Problem:
Omit all pictures. Reproduce exactly the lines from the first line of the records below through the line with "Den här pappra".

(Saved entries)
▼▼▼

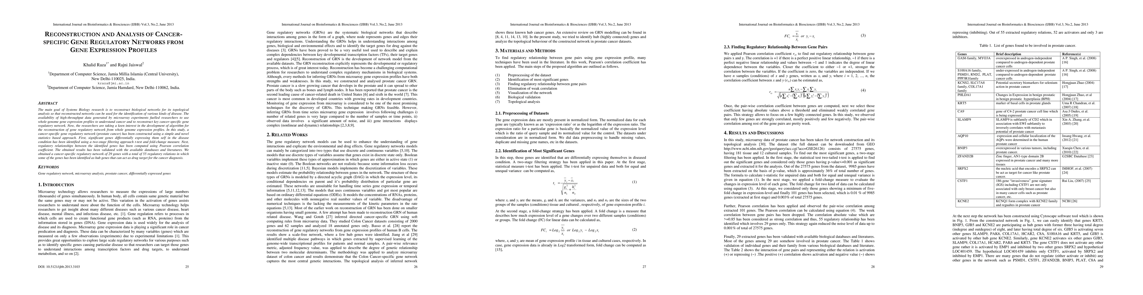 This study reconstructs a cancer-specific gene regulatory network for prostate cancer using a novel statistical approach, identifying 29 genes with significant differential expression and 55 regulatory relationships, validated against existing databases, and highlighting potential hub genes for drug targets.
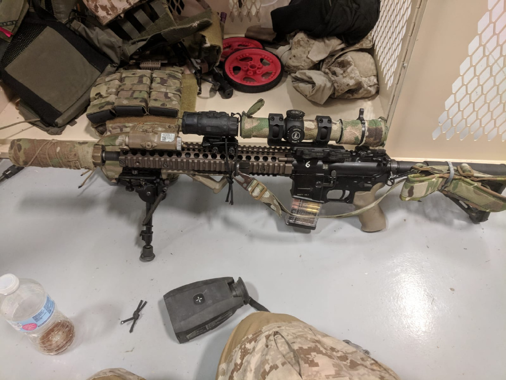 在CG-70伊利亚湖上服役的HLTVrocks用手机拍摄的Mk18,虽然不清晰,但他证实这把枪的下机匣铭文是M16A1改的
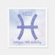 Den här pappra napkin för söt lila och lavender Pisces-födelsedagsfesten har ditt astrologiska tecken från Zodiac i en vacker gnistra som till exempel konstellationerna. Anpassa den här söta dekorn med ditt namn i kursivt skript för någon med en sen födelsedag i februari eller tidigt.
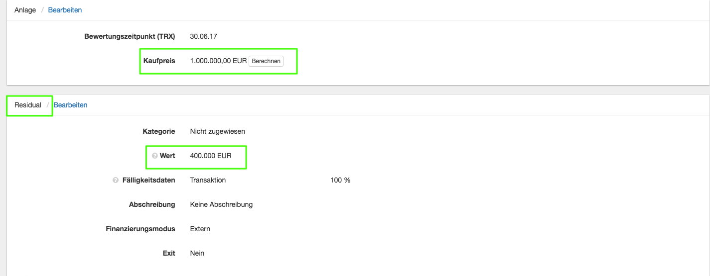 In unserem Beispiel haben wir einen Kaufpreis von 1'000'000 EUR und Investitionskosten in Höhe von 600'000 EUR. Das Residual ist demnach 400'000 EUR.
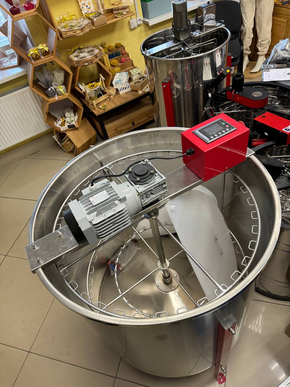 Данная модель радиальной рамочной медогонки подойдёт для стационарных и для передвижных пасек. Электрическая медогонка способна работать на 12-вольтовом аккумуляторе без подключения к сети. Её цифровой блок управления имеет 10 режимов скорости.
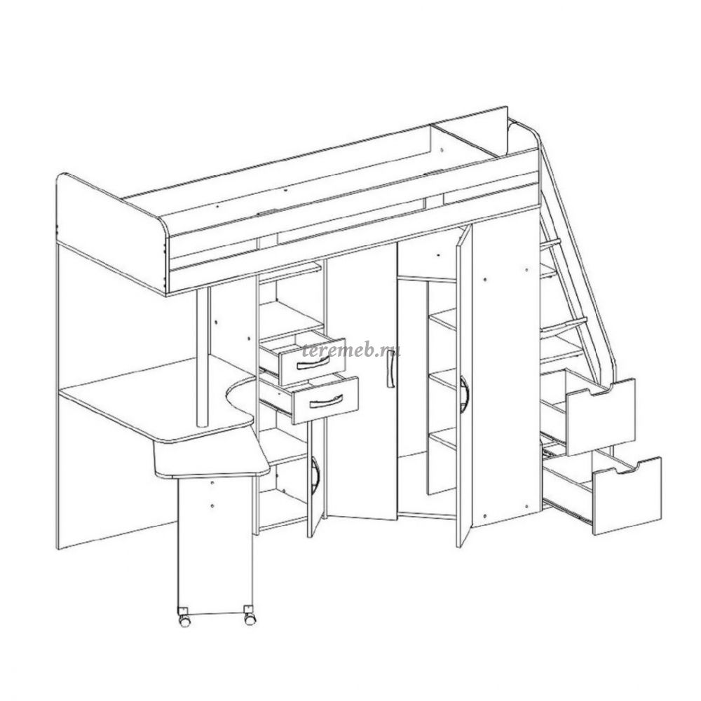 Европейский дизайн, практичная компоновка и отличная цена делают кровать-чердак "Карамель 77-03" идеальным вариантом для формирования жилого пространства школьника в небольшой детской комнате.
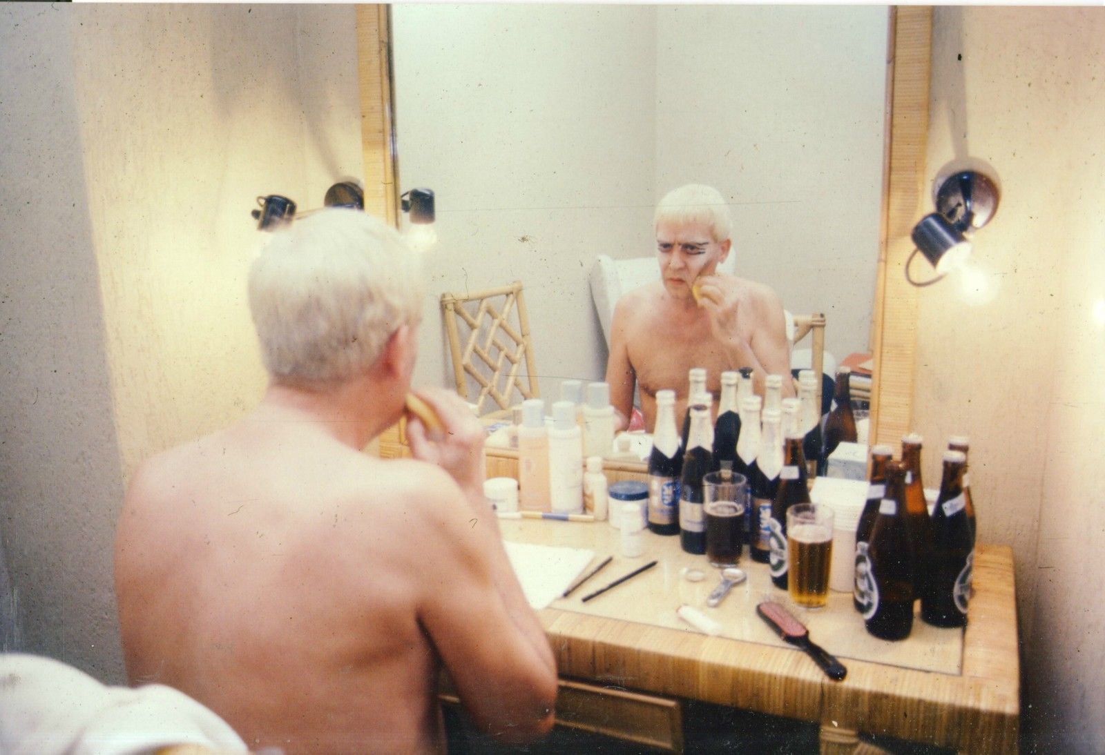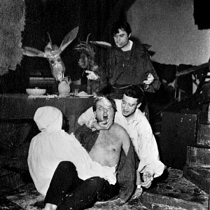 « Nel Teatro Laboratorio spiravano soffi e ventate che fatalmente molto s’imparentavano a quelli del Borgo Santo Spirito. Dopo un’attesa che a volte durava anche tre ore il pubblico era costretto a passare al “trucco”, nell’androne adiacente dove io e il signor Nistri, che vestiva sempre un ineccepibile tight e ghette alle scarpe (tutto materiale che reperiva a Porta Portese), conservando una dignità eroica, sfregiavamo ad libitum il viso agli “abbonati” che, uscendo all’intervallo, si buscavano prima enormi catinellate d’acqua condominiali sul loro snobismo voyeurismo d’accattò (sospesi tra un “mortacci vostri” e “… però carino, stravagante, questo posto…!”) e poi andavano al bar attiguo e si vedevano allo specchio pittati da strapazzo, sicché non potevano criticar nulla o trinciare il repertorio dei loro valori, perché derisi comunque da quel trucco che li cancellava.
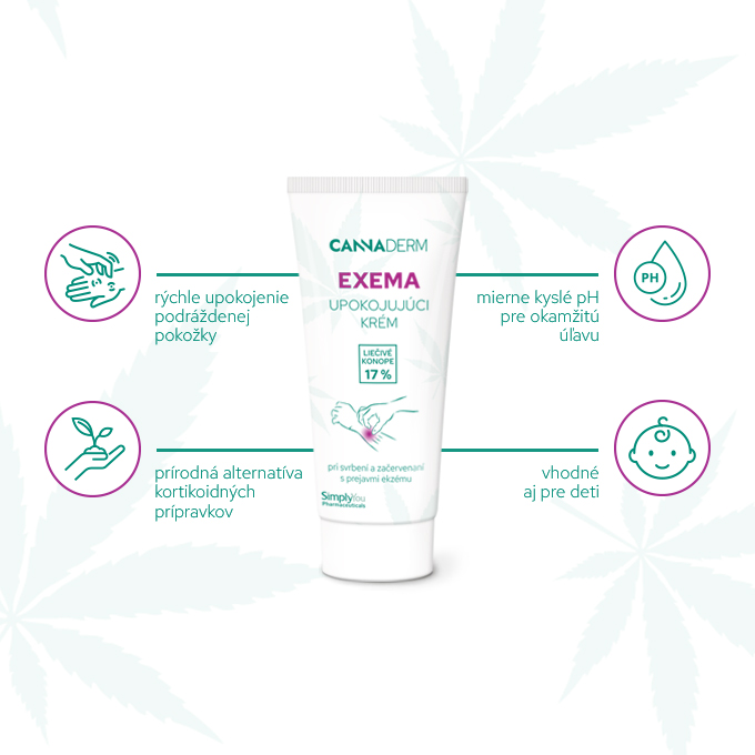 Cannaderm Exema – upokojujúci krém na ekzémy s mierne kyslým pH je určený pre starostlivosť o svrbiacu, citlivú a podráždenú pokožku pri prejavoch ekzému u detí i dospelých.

▲▲▲

Written solution:
 This study reconstructs a cancer-specific gene regulatory network for prostate cancer using a novel statistical approach, identifying 29 genes with significant differential expression and 55 regulatory relationships, validated against existing databases, and highlighting potential hub genes for drug targets.
 在CG-70伊利亚湖上服役的HLTVrocks用手机拍摄的Mk18,虽然不清晰,但他证实这把枪的下机匣铭文是M16A1改的
 Den här pappra napkin för söt lila och lavender Pisces-födelsedagsfesten har ditt astrologiska tecken från Zodiac i en vacker gnistra som till exempel konstellationerna. Anpassa den här söta dekorn med ditt namn i kursivt skript för någon med en sen födelsedag i februari eller tidigt.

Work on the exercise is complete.